Accordingly, the Court takes judicial notice of all the exhibits in the Bafus Declaration for the purpose of considering what was disclosed to the market. In doing so, the Court does not assume the truth of any of the facts asserted in those documents other than the stock price data. See Wochos, 2018 WL 4076437, at *2.
ii. Plaintiff's Request for Judicial Notice
Plaintiff asks the Court to take judicial notice of the consensus estimate provided in the Jasnoch Declaration. Jasnoch bases this consensus estimate on a review of three analyst reports covering the stock for the relevant quarters. Dkt. No. 60 ¶¶ 2-5. Plaintiff does not request judicial notice of the underlying analyst reports, and only requests judicial notice of the consensus estimate Jasnoch derives from the reports. Id. Defendants oppose the request. Because the consensus estimate provided by Plaintiff's counsel is subject to factual dispute, the Court declines to take judicial notice of the estimate.
IV. DISCUSSION
A. Section 10(b) and Rule 10b-5
In their motion to dismiss, Defendants argue that the many of challenged statements fall under the PSLRA safe harbor and that Plaintiff has failed to plead actionable misstatements or omissions or a strong inference of scienter.
i. Challenged Statements
The Court groups the challenged statements into three categories.

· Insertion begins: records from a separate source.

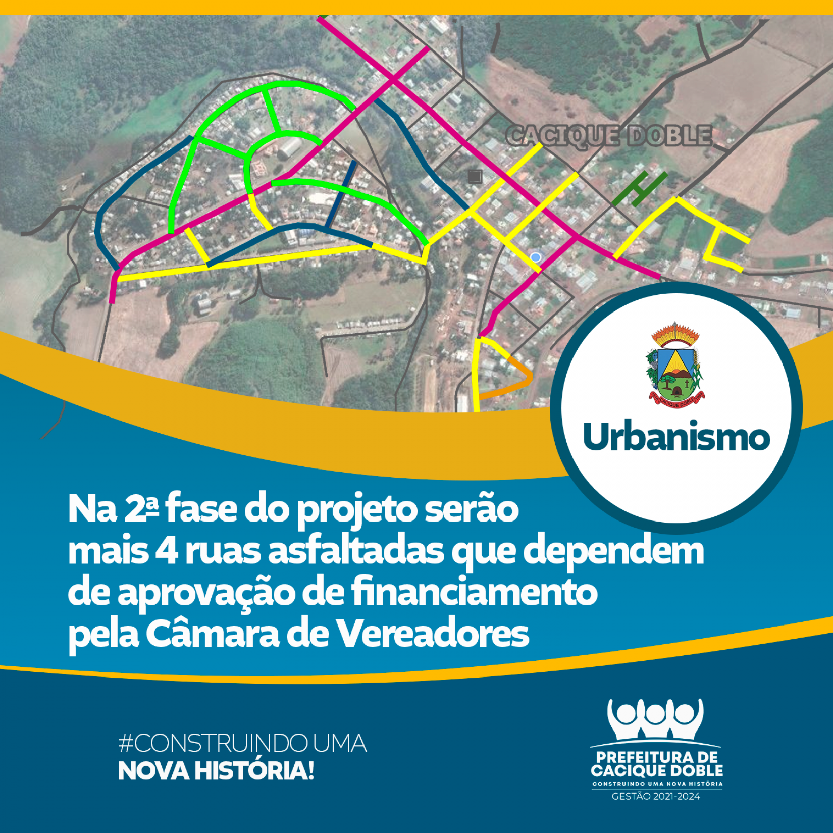 A Administração Municipal de Cacique Doble investiu recursos próprios para a primeira fase de pavimentação asfáltica em cinco ruas do município. Além da rua João Bianchin, o Governo Municipal irá aplicar camada asfáltica nas ruas Vicente Tonial, Amábile Viecelli, Artur Incerti, Sírio Ricardi e Traquilo Peruzzolo, todas no bairro Nossa Senhora da Saúde. Os serviços deverão ser concluídos até a próxima semana.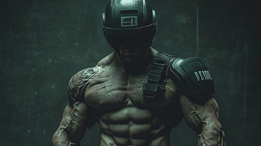 Создано на основе запроса: allegory of masculinity and modernism in a battle / ripped man in a futuristic cop uniform with helmet / atmospheric / dark / grainy / gritty / imposing / intense / intimidating / menacing --- Автоперевод: Аллегория мужественности и модернизма в битве...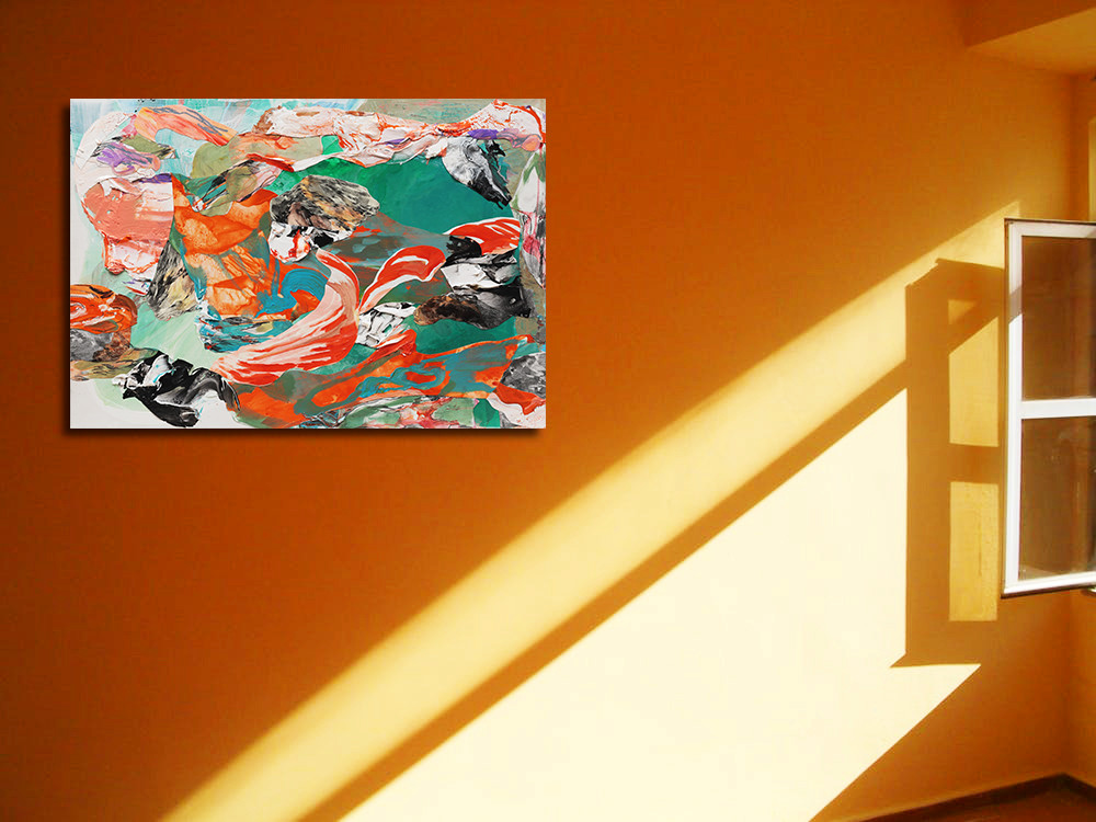 강렬한 색상으로 꼴라쥬되어 이목을 끌 수 있는 작품으로 호텔 로비에 추천하는 작품이다.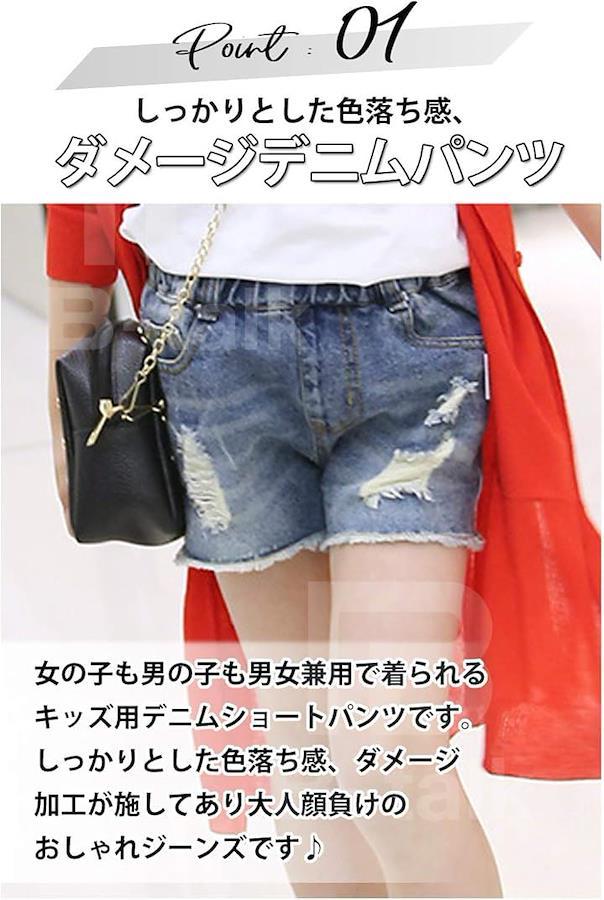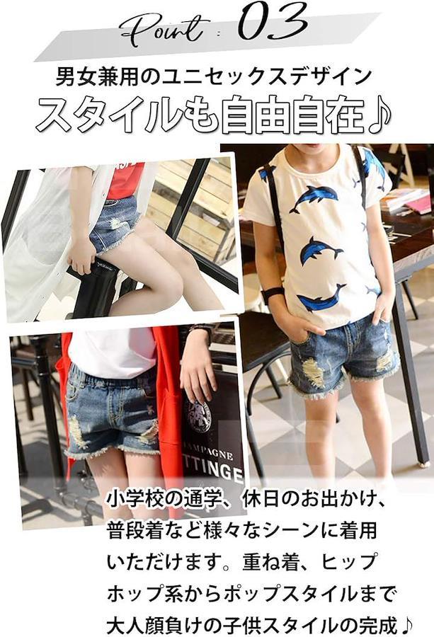 女の子も男の子も男女兼用で着られるキッズ用デニムショートパンツです。

First, in its 10-Q and 10-K reports throughout the Class Period, SentinelOne defined ARR as “the annualized revenue run rate of our subscription and capacity contracts at the end of a reporting period, assuming contracts are renewed on their existing terms for customers that are under contracts with us.” AC ¶¶ 93, 97, 100, 103. Relatedly, Defendants made statements in SentinelOne's 10-Q and 10-K reports allegedly “differentiating ARR from revenue.” See Dkt. No. 59 at 18:16; AC ¶¶ 93, 97, 100, 103. Plaintiff challenges these statements as false and misleading because the ARR figure included non-guaranteed amounts for various “consumption and usage” charges for excess usage services or for additional optional services that the customer was not committed to use under their existing contracts, and/or otherwise included assumptions that some customers would spend more going forward than what was reflected in their existing contractual commitments. AC ¶¶ 94, 98, 101, 104. Plaintiff argues that excess “consumption and usage” charges, optional additional service charges, or assumptions of spending exceeding existing contractual commitments did not fall within SentinelOne's ARR definition. Id. Plaintiff further argues that because the ARR figures included these non-guaranteed inputs, the metric amounted to a partial revenue forecast, rendering statements differentiating ARR from revenue false and misleading. Id.
Second, the 10-Q and 10-K reports included SentinelOne's ARR figures. Specifically, Plaintiff challenges the ARR figures from the Q1 FY 2023 10-Q report; the Q2 FY2023 10-Q report; the Q3 FY2023 10-Q report; and the FY2023 10-K report. AC ¶¶ 93, 97, 100, 103.Defendants Weingarten and Bernhardt repeated the same statements regarding the ARR metrics during the Q1 FY 2023, Q2 FY2023, Q3 FY2023 and FY23 earnings calls. Id. ¶¶ 94, 98, 101, 104. Plaintiff challenges these statements as false and misleading because the figures double-counted amounts for certain contracts and included excess data charges, optional additional service charges or otherwise accounted for spending exceeding existing contractual commitments. Id.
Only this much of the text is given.